Flies appearing in paintings can symbolize decay and death, but sometimes they were also included as a playful joke by master artists.

Since the Middle Ages, flies have appeared in works of art as symbols of death or the corruption of both body and soul. In Renaissance portraits, the presence of a fly often represented the briefness of human life. Artists wanted to suggest that, in the grand scale of the universe, our lives are no longer than those of an insect.

In Portrait of a Woman of the Hofer Family, a fly rests on the subject’s white headdress.


One of the most famous paintings featuring a fly is Portrait of a Lady of the Hofer Family, painted around 1470 and now housed in London’s National Gallery. The fly perched on the woman’s pure white veil suggests that life, like that of the young woman in the painting, is fleeting. The message is that we should make the very best of the time we have.

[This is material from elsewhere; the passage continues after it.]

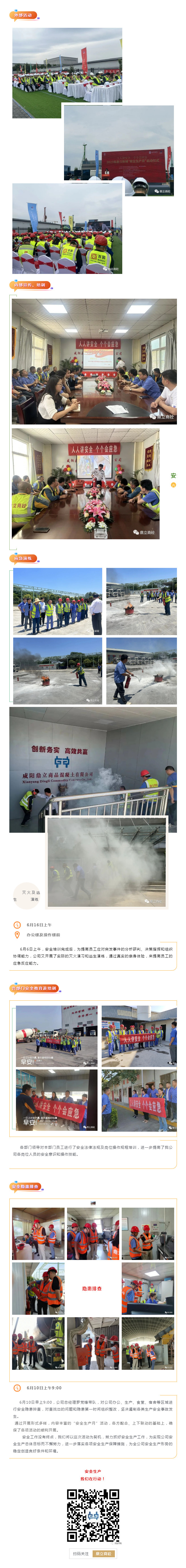 2023年6月是第22個“安全生產(chǎn)月”,我公司圍繞主題“ 人人講安全 個個會應(yīng)急”,并結(jié)合秦漢新城的各項具體措施和要求,組織開展了各項豐富多彩的“安全生產(chǎn)月”活動。
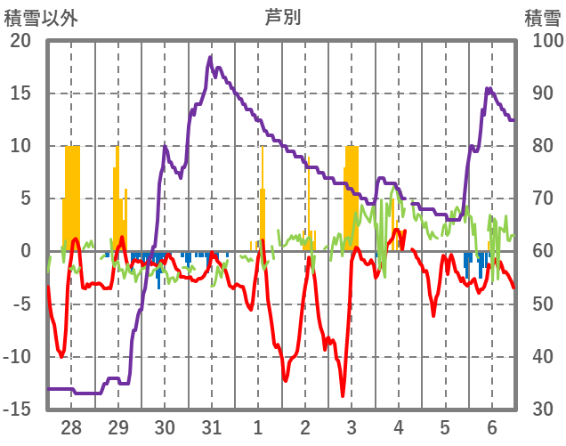 | 日 | 時 | 気温 | 降水 | 風向/風速 | 日照 | 積雪 | 降雪 |

When reflecting on time and eternity, the poet and painter William Blake wrote:

Am not I
A fly like thee?
Or art not thou
A man like me?


Sometimes, painters included a fly simply to capture attention through the technique of trompe-l’oeil, or visual deception. They painted the insect so convincingly that viewers might feel the urge to brush it away. Giorgio Vasari, the Italian artist and biographer of Renaissance painters, recounted that Giotto once teased his teacher Cimabue by painting a fly so lifelike on a work that Cimabue tried to swat it away.

Salvador Dalí was sometimes called the “lord of the flies” because he painted the insect so often. In his famous work The Persistence of Memory, a fly appears resting on one of the clocks. The painting is now held at the Museum of Modern Art in New York. The Spanish artist also used swarms of ants to symbolize the decay of time and the impermanence of life.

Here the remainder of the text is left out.